[Start of section]

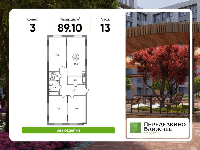 Продается трехкомнатная квартира в городе-парке "Переделкино Ближнее". Общая площадь квартиры - 66,1 кв. м, этаж 1 из 17. Срок сдачи - 1 квартал 2028 года. Тип дома - монолитный. Корпус расположен в новой 13 фазе строительства и состоит из 8 секций с переменной этажностью 12-17 этажей. Все секции без отделки. Около 13 фазы запланировано строительство многоуровневого паркинга на 300 м/мест. 13 фаза имеет уникальное расположение и находится непосредственно на берегу Федосьинского пруда, который является сердцем города-парка "Переделкино Ближнее". Город-парк "Переделкино Ближнее" расположен в 8 км от МКАД по Боровскому шоссе. ТРАНСПОРТНАЯ ДОСТУПНОСТЬ: - 15 минут пешком до станции МЦД-4 "Мичуринец" - 25 минут пешком до станции метро "Рассказовка" Солнцевской линии - 30 минут до центра Москвы - 2026 г. - открытие трассы Солнцево-Бутово-Варшавское шоссе РАЗВИТАЯ СОЦИАЛЬНАЯ ИНФРАСТРУКТУРА: - 7 детских садов, 3 школы - банки, продуктовые магазины, аптеки, фитнес центры, салоны красоты и пр БЛАГОУСТРОЙСТВО: - дворы без машин - игровые зоны и развивающие детские площадки - зоны для созерцательного и медитативного отдыха - зоны для занятий спортом ОСОБЕННОСТИ АРХИТЕКТУРЫ: - высокие потолки от 3,03 м - безбарьерные входные группы - колясочные в каждой входной группе - кладовые помещения расположены на -1 этаже каждой секции - в каждой секции 2 лифта: 1 пассажирский, 1 грузовой - на фасаде предусмотрены корзины для установки кондиционеров АВТОРСКИЙ ДИЗАЙН: Входные группы выполнены по авторскому дизайну, благодаря панорамному остеклению наполнены естественным светом. В каждой входной группе будет располагаться комфортабельная зона ожидания с возможностью зарядить электронные устройства, почтовые ящики, колясочная, акцентные пуфы и столик.
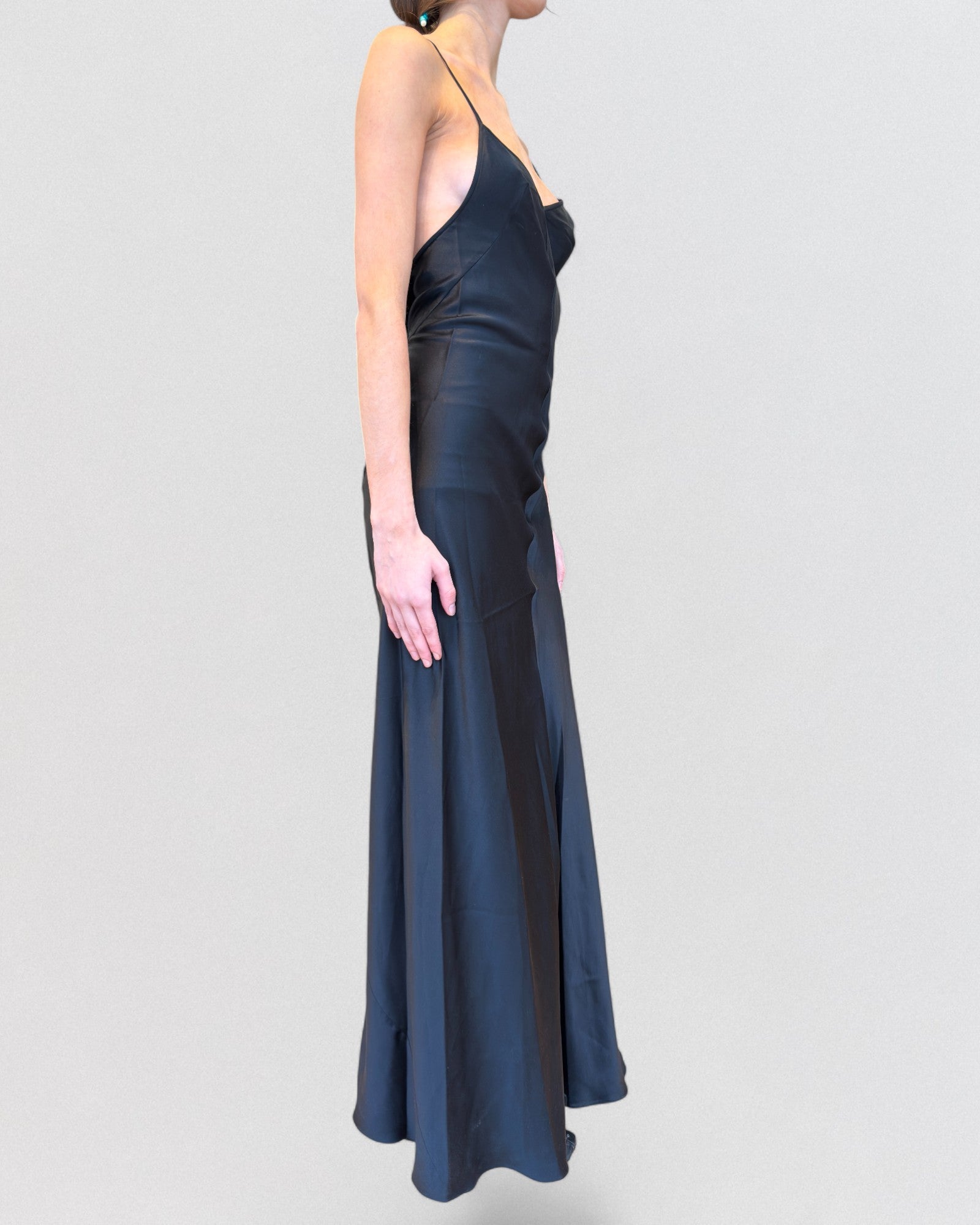 Black silk gown from Plein Sud Sun, Spring/Summer 1999. Bias-cut silhouette featuring delicate spaghetti straps and a paneled construction combining two contrasting black silks — one matte, one satin — creating subtle tonal depth and fluid movement.
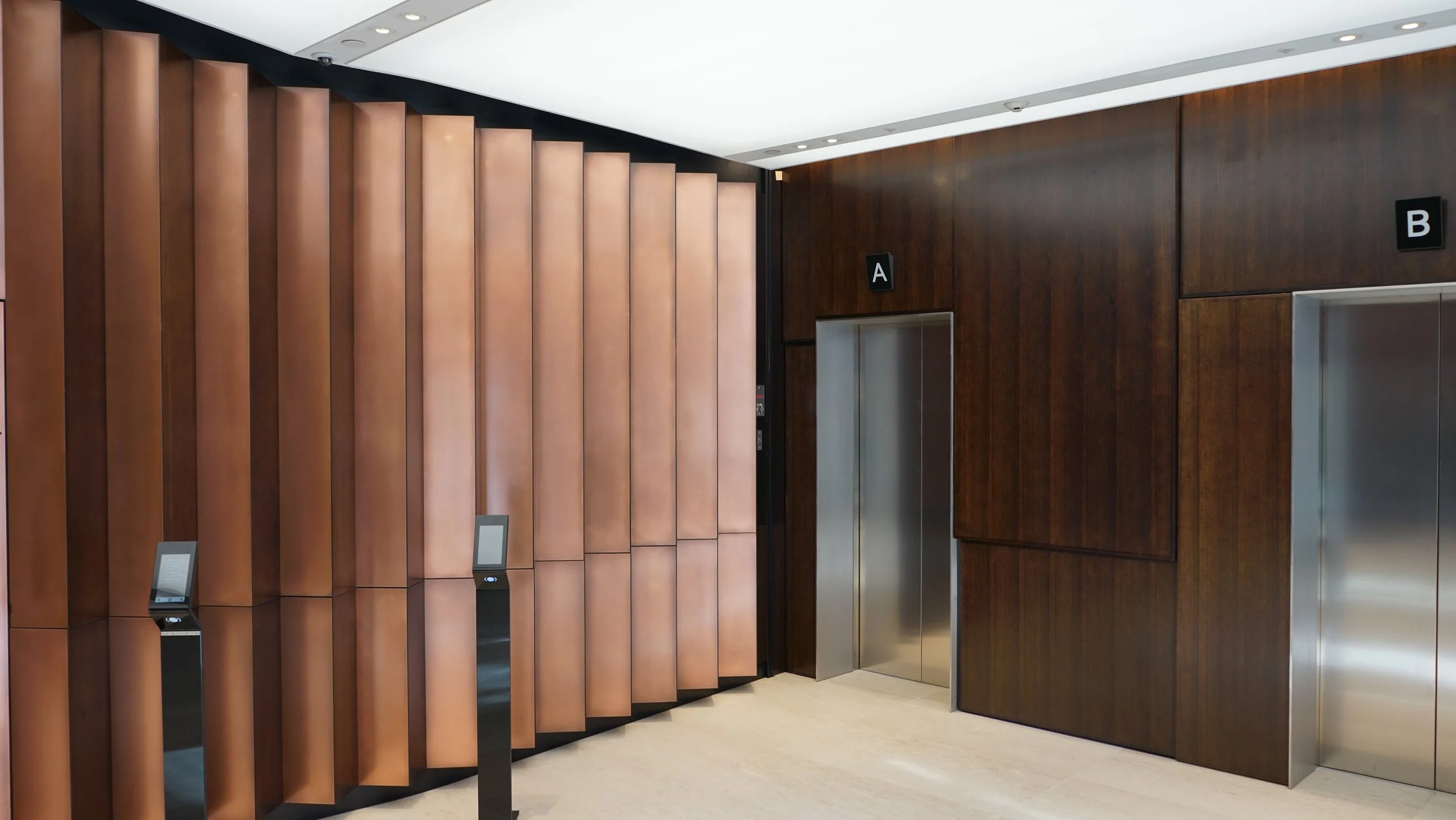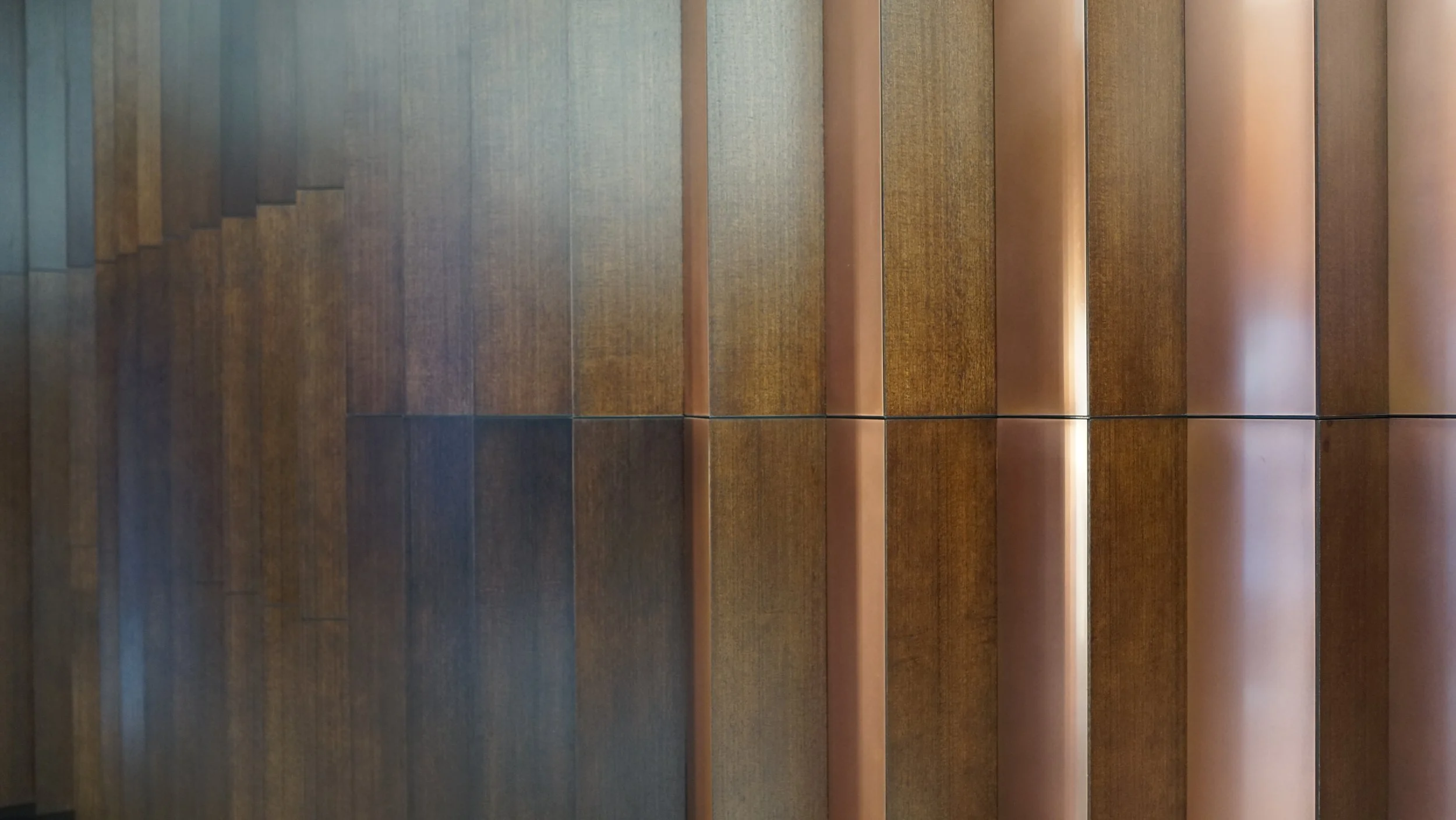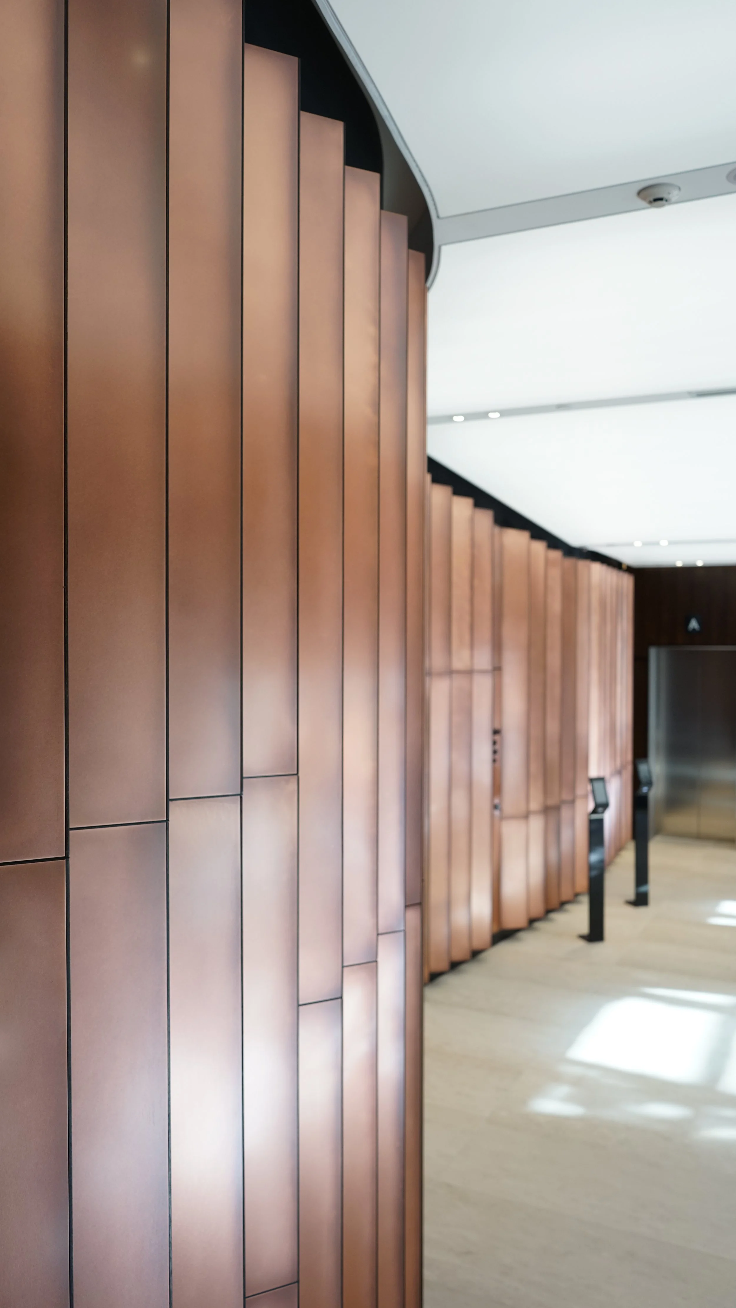 Behold the bespoke wall paneling adorning the prestigious Lumley Center in Auckland City, setting a new standard for architectural excellence in one of the CBD's premium commercial buildings. Crafted to perfection, custom-made copper panels, backed with solid oak timber, create an unmistakable statement piece that captivates all who enter.
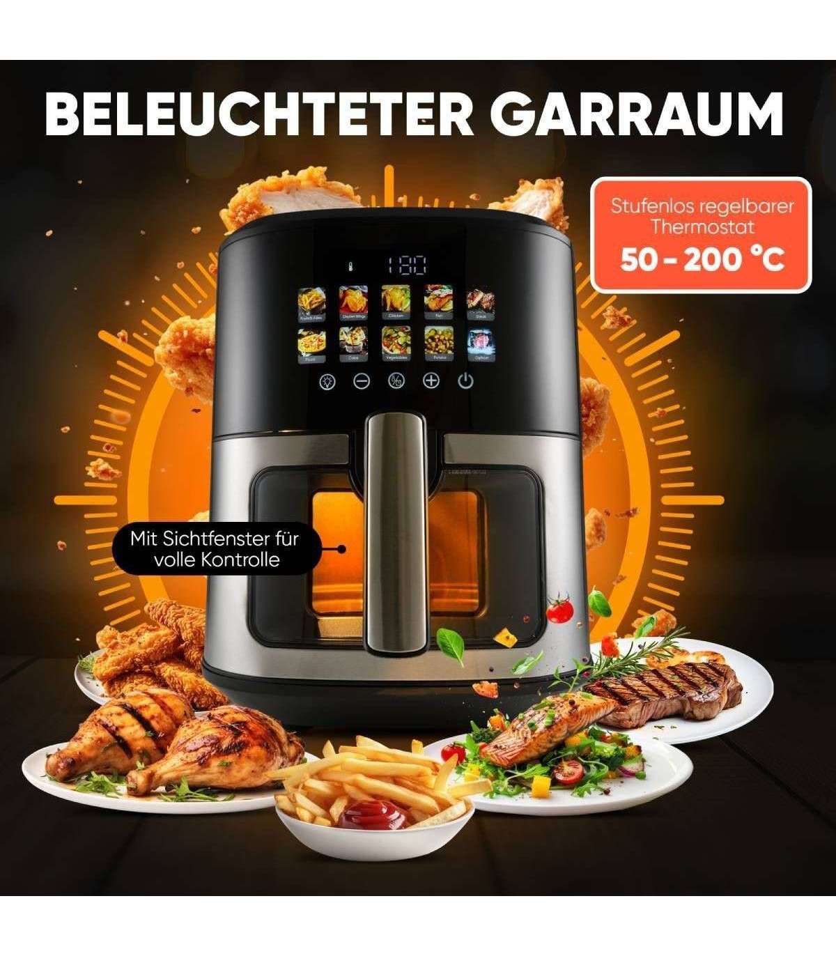 Friteerimiskamber on valgustatud ja küpsetamist saab jälgida läbi soojusisolatsiooniga vaateakna
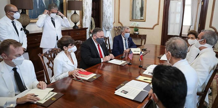 Según informó la embajada estadounidense en el país caribeño en un comunicado, durante su encuentro, Pompeo y Abinader trataron sobre «oportunidades para fortalecer los vínculos y la colaboración entre los Estados Unidos y la República Dominicana en las áreas de seguridad regional y crecimiento económico.»

[End of section]

▶ [WHAT TO PRODUCE]
Only an exact copy belongs in the answer: the lines from the one containing "Friteerimiskamber on valgustatud" through the end of the records, both ends included, minus the pictures.

▶ [WRITTEN ANSWER]
 Friteerimiskamber on valgustatud ja küpsetamist saab jälgida läbi soojusisolatsiooniga vaateakna
 Según informó la embajada estadounidense en el país caribeño en un comunicado, durante su encuentro, Pompeo y Abinader trataron sobre «oportunidades para fortalecer los vínculos y la colaboración entre los Estados Unidos y la República Dominicana en las áreas de seguridad regional y crecimiento económico.»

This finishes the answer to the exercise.